━━━━━ MATERIAL SUPPLIED

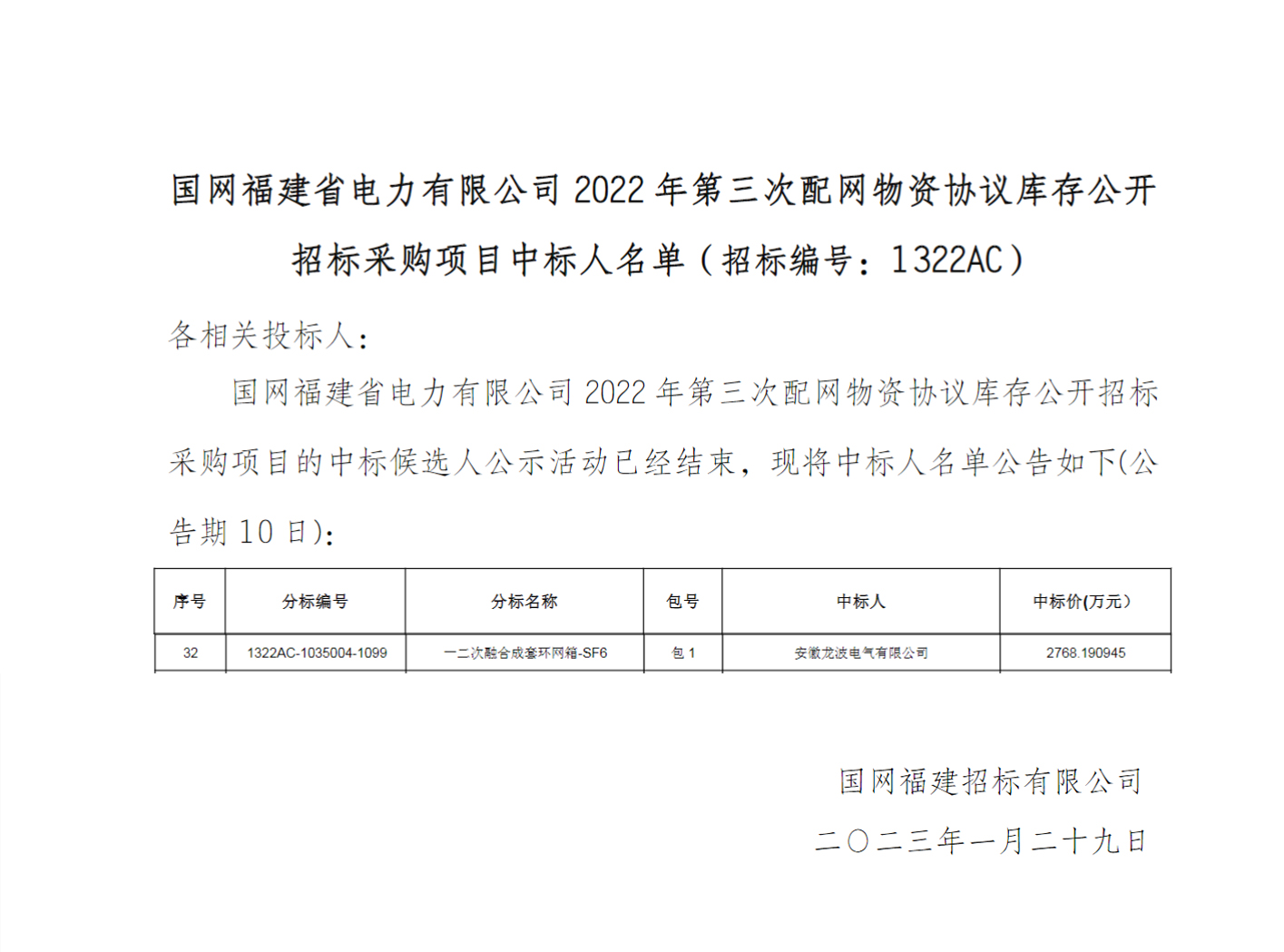 1月29日,国网福建省电力有限公司2022年第三次配网物资协议库存公开招标采购的中标活动已经结束,我司成功中标一二次融合成套环网箱,中标金额2768万元。成绩是前进途中的里程碑,今日的成功是昨日的汗水灌溉所结出的硕果。而今后我们需要加倍的努力,以适应瞬息万变的市场,以实现远大的目标;脚下的道路,任重而道远。
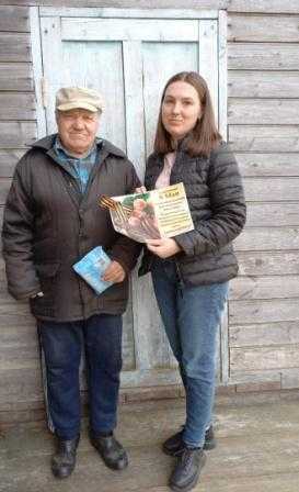 Сегодня специалист отделения социально-консультативной помощи Мешкова Е.М. поздравила с наступающим праздником Днем Победы участника ВОВ Малышева Юрия Никаноровича и вручила георгиевскую ленточку.
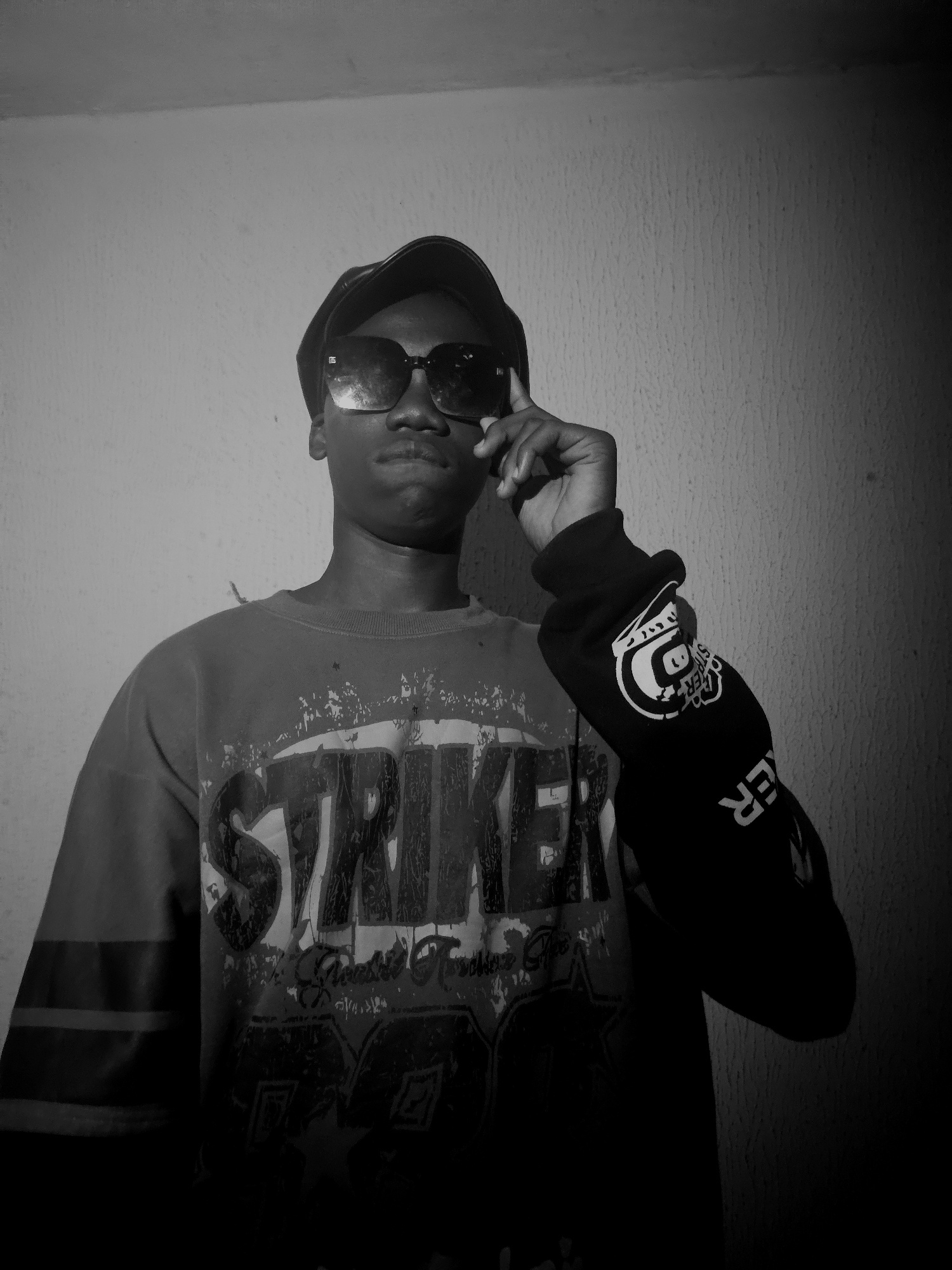 The image depicts a person wearing a black cap and sunglasses, positioned indoors against a pale wall. The individual is wearing a t-shirt with a large, stylized graphic that includes the word "STRIKE…read more
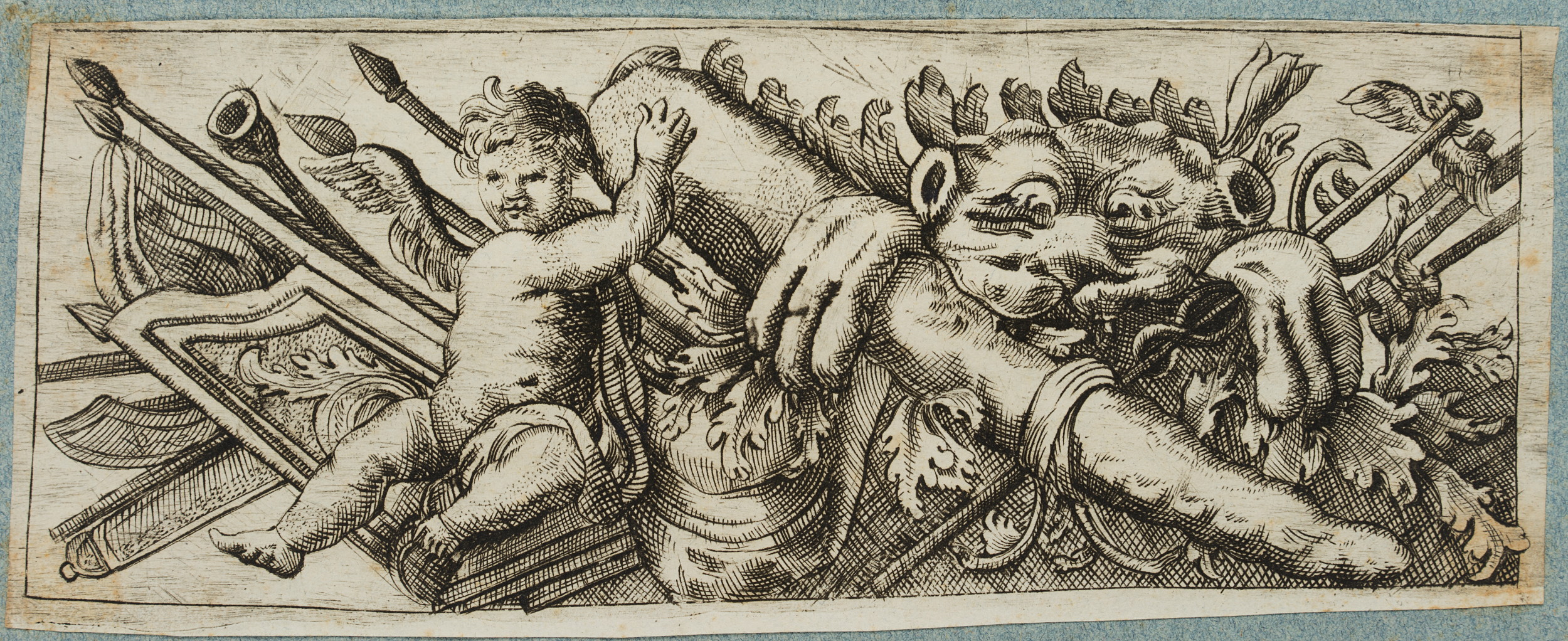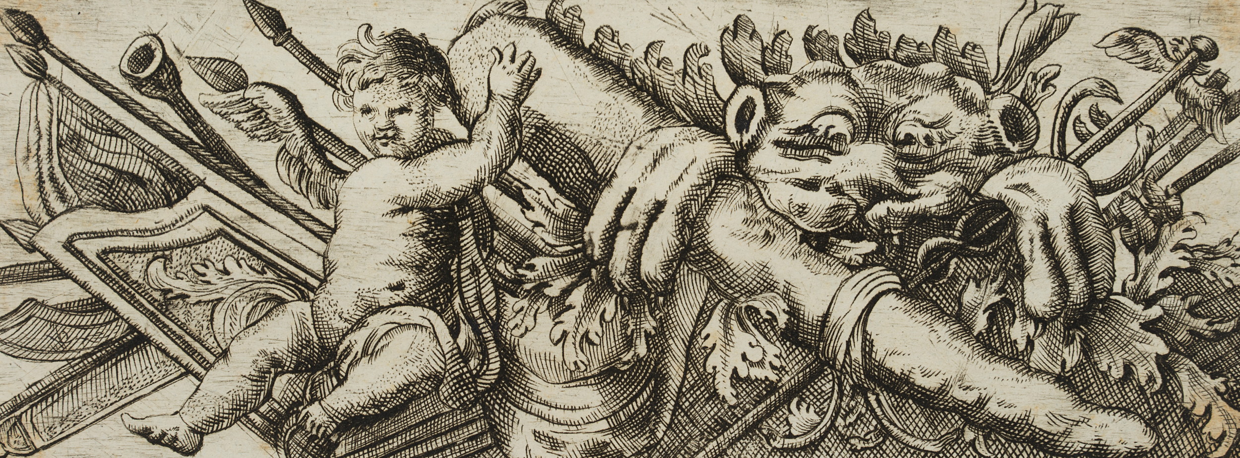 J. MEYER (1655-1712), Entwurf eines Frieses, Waffen des Herakles, Rad. Barock
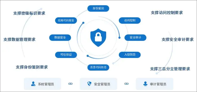 满足分级保护、等级保护管理等标准,从密级密标、数据管理、访问控制、身份鉴别、安全审计、三员分立等多个维度保障系统的安全性。

━━━━━━━━━━

[WORK REQUEST]
Every entry above needs to be printed again exactly, with its pictures left out.

[SOLUTION TO THIS PROBLEM]
 1月29日,国网福建省电力有限公司2022年第三次配网物资协议库存公开招标采购的中标活动已经结束,我司成功中标一二次融合成套环网箱,中标金额2768万元。成绩是前进途中的里程碑,今日的成功是昨日的汗水灌溉所结出的硕果。而今后我们需要加倍的努力,以适应瞬息万变的市场,以实现远大的目标;脚下的道路,任重而道远。
 Сегодня специалист отделения социально-консультативной помощи Мешкова Е.М. поздравила с наступающим праздником Днем Победы участника ВОВ Малышева Юрия Никаноровича и вручила георгиевскую ленточку.
 The image depicts a person wearing a black cap and sunglasses, positioned indoors against a pale wall. The individual is wearing a t-shirt with a large, stylized graphic that includes the word "STRIKE…read more
 J. MEYER (1655-1712), Entwurf eines Frieses, Waffen des Herakles, Rad. Barock
 满足分级保护、等级保护管理等标准,从密级密标、数据管理、访问控制、身份鉴别、安全审计、三员分立等多个维度保障系统的安全性。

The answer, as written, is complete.